New Tutorial Connects Atoms and Molecules to Solids in High Harmonic Generation

A new tutorial by Shambhu Ghimire and David Reis of Stanford PULSE Institute brings together decades of research on high harmonic generation (HHG), unifying how scientists understand the phenomenon in atoms, molecules, and condensed matters. HHG occurs when intense ultrafast laser pulses drive electrons in materials to emit light at multiples of the laser frequency, producing attosecond bursts of radiation that can probe matter on the fastest timescales - the natural time scale of the electron motion. First established in atomic and molecular gases through the foundational work that led up to 2023 Nobel prize in physics, the field has expanded dramatically in recent years to include condensed matter systems such as solids and two-dimensional crystals. In solids, HHG provides a powerful new window into electronic band structure, symmetry and strong-field electron motion—turning tabletop laser systems into probes of quantum materials. The tutorial draws clear conceptual connections between the three-step model developed for atoms and the interband and intraband dynamics that govern harmonic generation in crystals.

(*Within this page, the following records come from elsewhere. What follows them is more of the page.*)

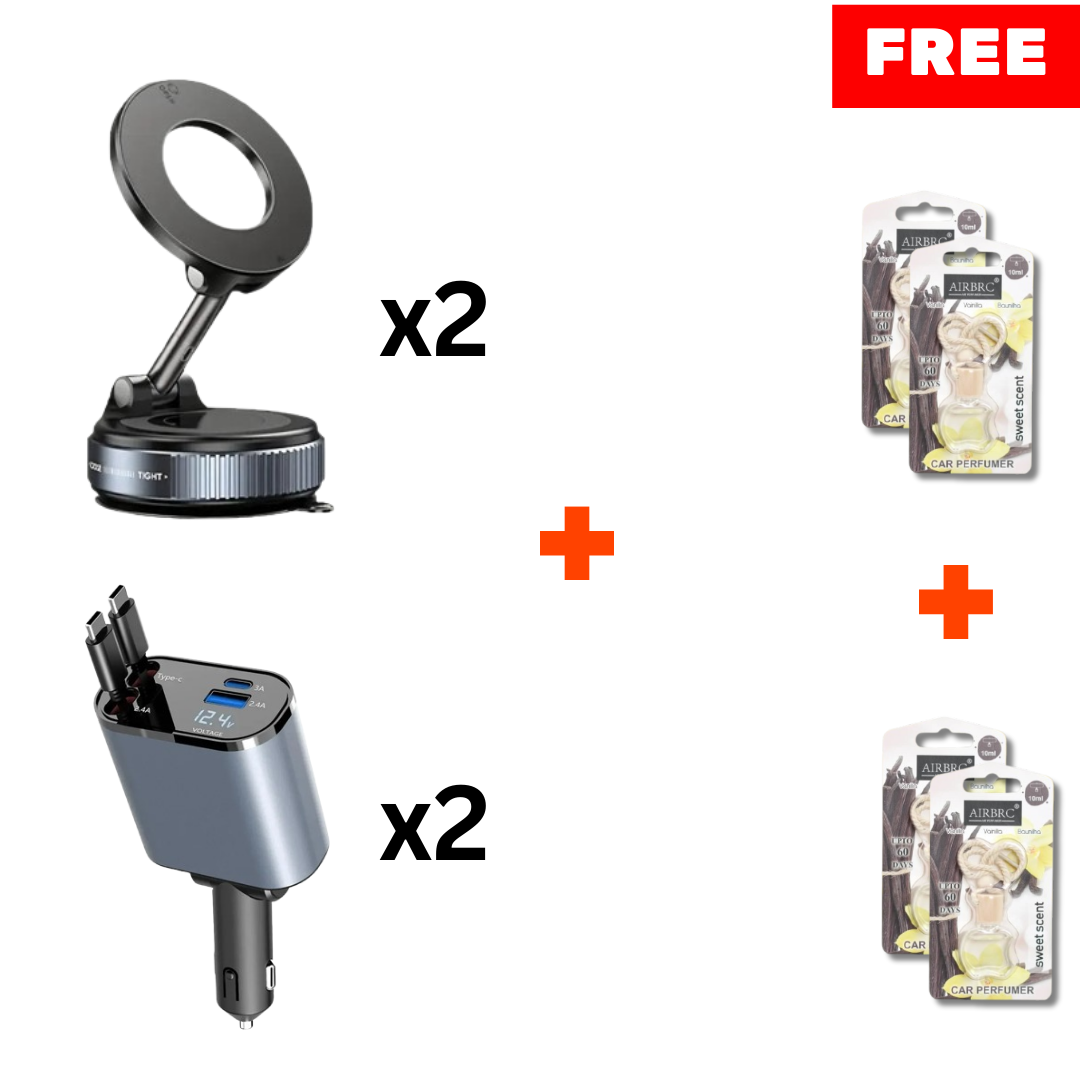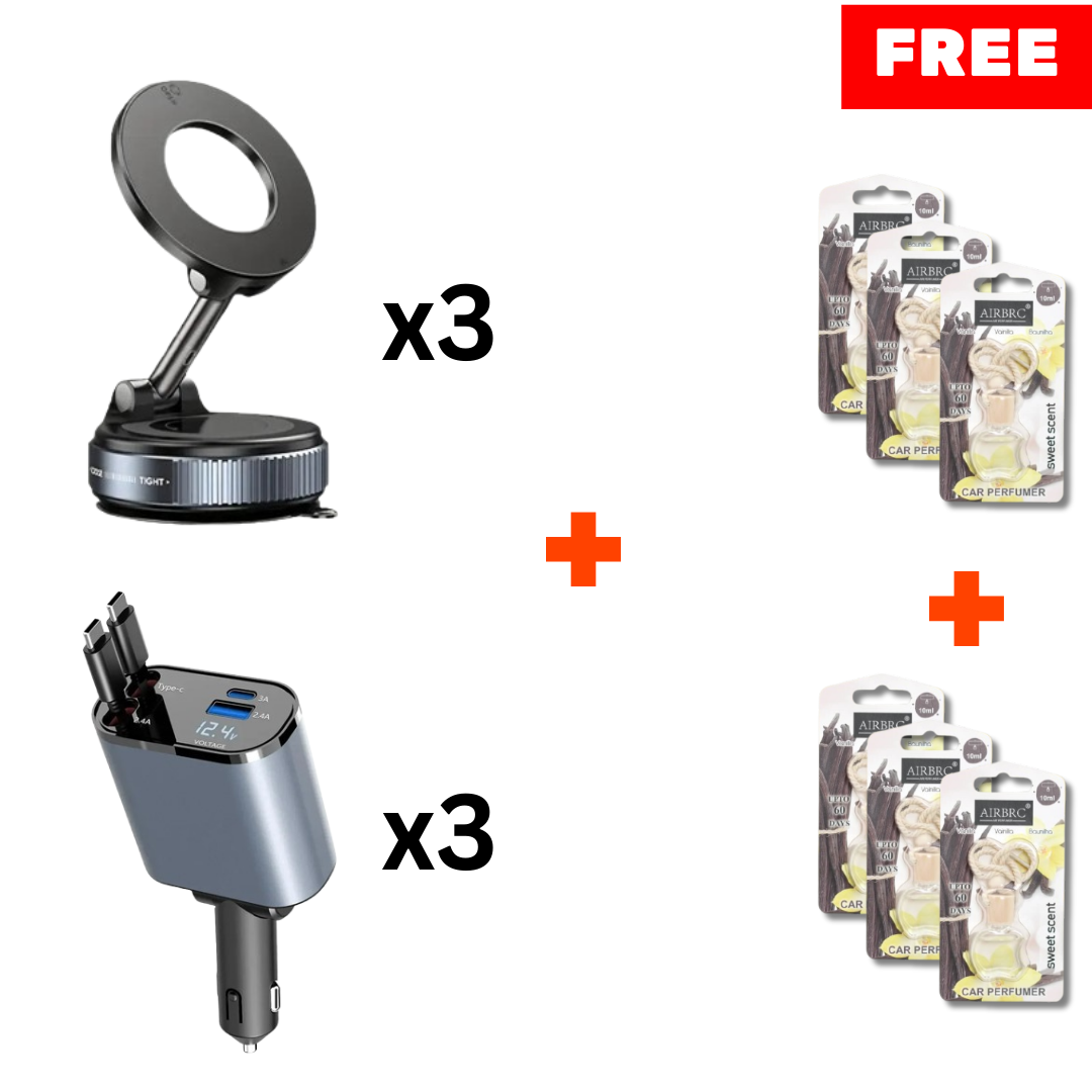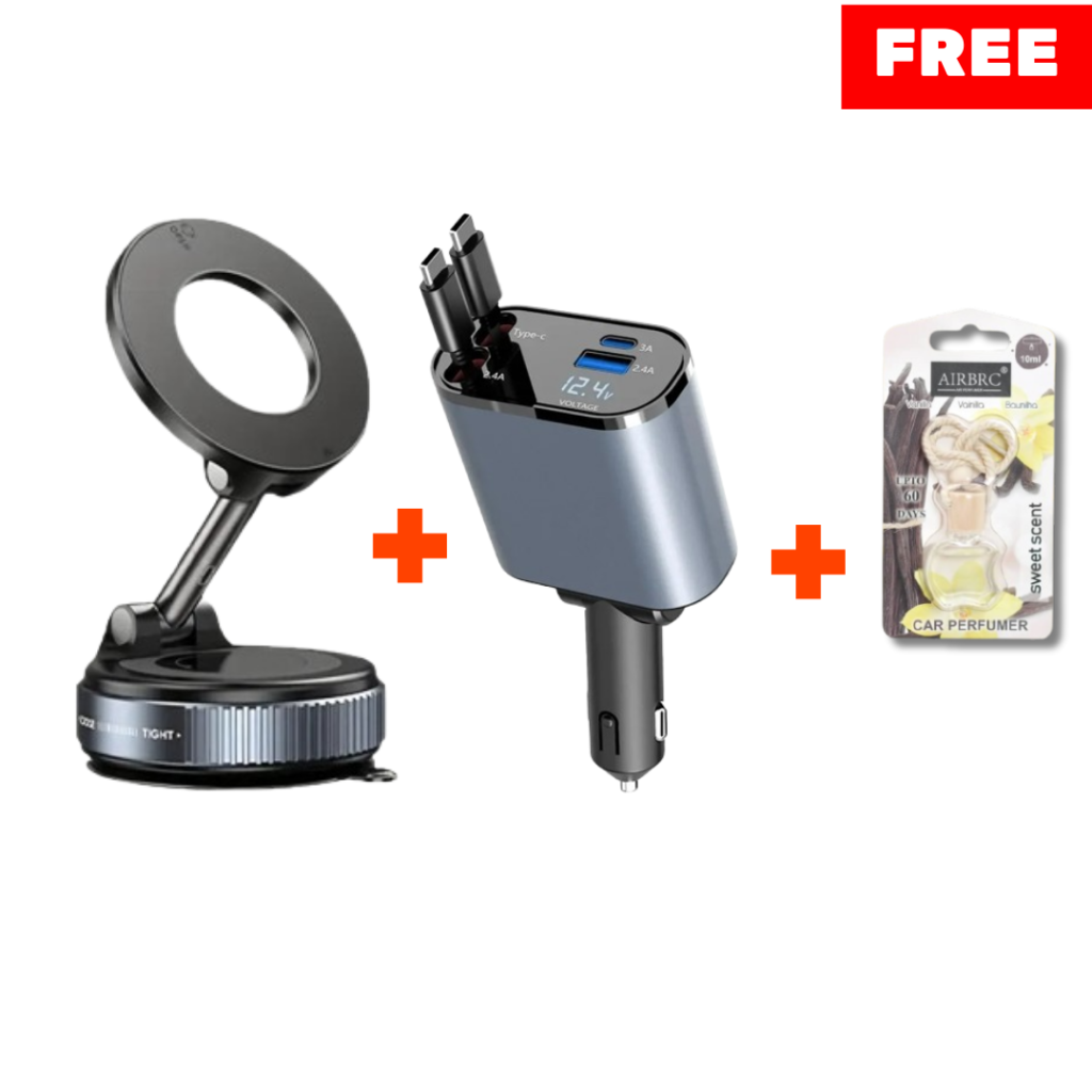 This charger is a lifesaver. I use Google Maps a lot and my battery used to die halfway. Now I can charge and drive without fear. The magnetic holder is also very strong, even on bad/bumpy roads my phone does not even shake at all. And the free air freshener makes my car smell like pure luxury. This combo is a 10/10 for real!
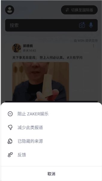 2、然后点击阻止或减少就可以减少推荐此类新闻的次数
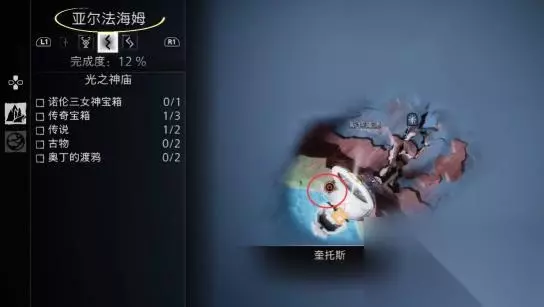 二、第二只渡鸦位置 1.来到“亚尔法海姆-光之神庙”下边的位置。

“High harmonic generation gives us a way to watch electrons move in real time,” Ghimire said. “By connecting the atomic and solid-state pictures, we hope to provide a common framework that helps researchers across disciplines push the field forward.”

The article serves as both an accessible entry point for newcomers and a reference for experts working at the frontiers of ultrafast and strong-field science. By bridging atomic physics and condensed matter, it highlights HHG’s growing role in creating “quantum movies” of electrons and exploring next-generation materials.